Vernetzung der „freien Szene“ in verschiedene(n) Räume(n)

Von Petra Kammann

Zweifellos ist es die umfassendste Ausstellung, die der Kunstverein EULENGASSE im Laufe der vergangenen 20 Jahre auf die Beine gestellt hat, und die zwei Wochen lang, vom 2. bis zum 15. Oktober, mit den Arbeiten seiner Künstler*innen im Tor Art Space auf der Hanauer Landstraße 161-171 stattfindet, als Gast wohlgemerkt. Da sind nicht nur derzeitige Mitglieder vertreten, sondern auch Künstler*innen, die bereits in den vergangenen 20 Jahren einmal mit der EULENGASSE in Berührung gekommen sind.
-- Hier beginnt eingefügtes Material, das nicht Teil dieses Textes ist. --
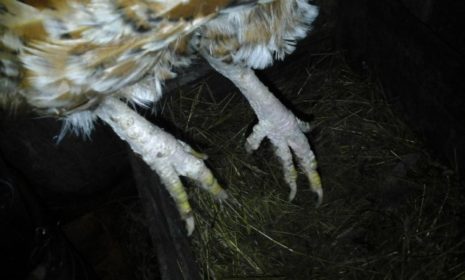 - У пернатих виникає сильний свербіж, особливо вночі. Заражені коростяних кліщів птиці роздзьобують лапи.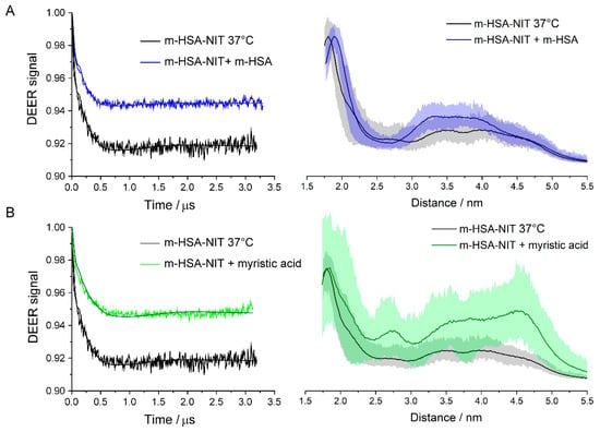 Q-band DEER results for dilution and myristic acid addition to m-HSA-NIT compared with sham controls incubated for 1 h at 37 °C. (A) control compared with 1:1 dilution with unlabeled m-HSA; (B) control compared with 25:1 excess of myristic acid. DEER time traces are shown on the left, distance distributions on the right. Shaded areas show uncertainty of distance distributions.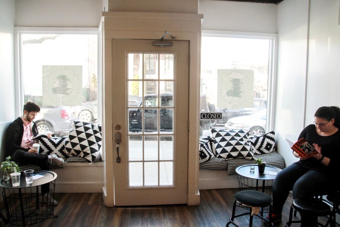 Sitting on opposite sides nestled in the reading nooks under ceiling-scraping windows are three women of different backgrounds, reading and typing away on laptops. Moments ago, a man in a leather jacket walked in for a coffee and quick hello.
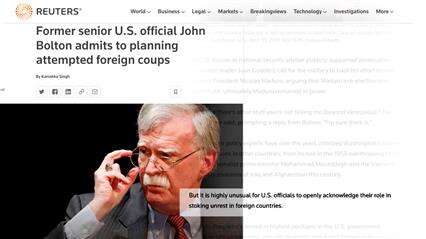 路透社称“美国政府的高级官员公开承认策划别国政变‘极不寻常’”。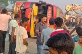 जयपुर से मधुबनी जा रही बस पलटी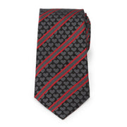 If bright pink heart balloons and giant stuffed teddy bears aren't your thing, celebrate Valentine's Day in your own way with this refined black and red 100% silk tie. Rows of gray hearts sit in contrast to ribbon stripes of ruby red and a pure black background, making this the necktie equivalent of a single elegant red rose.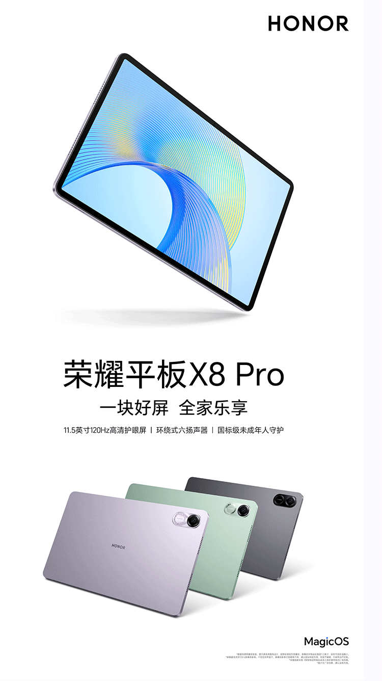 荣耀平板X8 Pro 11.5英寸 120Hz高刷2k护眼屏 多屏协同 娱乐影音办公学习平板电脑

Sie alle wurden aufgefordert, sich mit Werken zwischen 2003 und 2023 zu beteiligen. Dabei reichen die künstlerischen Techniken und Ansätze von Malerei, Zeichnung und Fotografie über Installation, Objekte und Performance bis hin zu partizipativen Kunstprojekten. Und typisch für den Kunstverein der „freien Szene“: Bunt und vielfältig ist die Schau. Daher nur ein paar Beispiele…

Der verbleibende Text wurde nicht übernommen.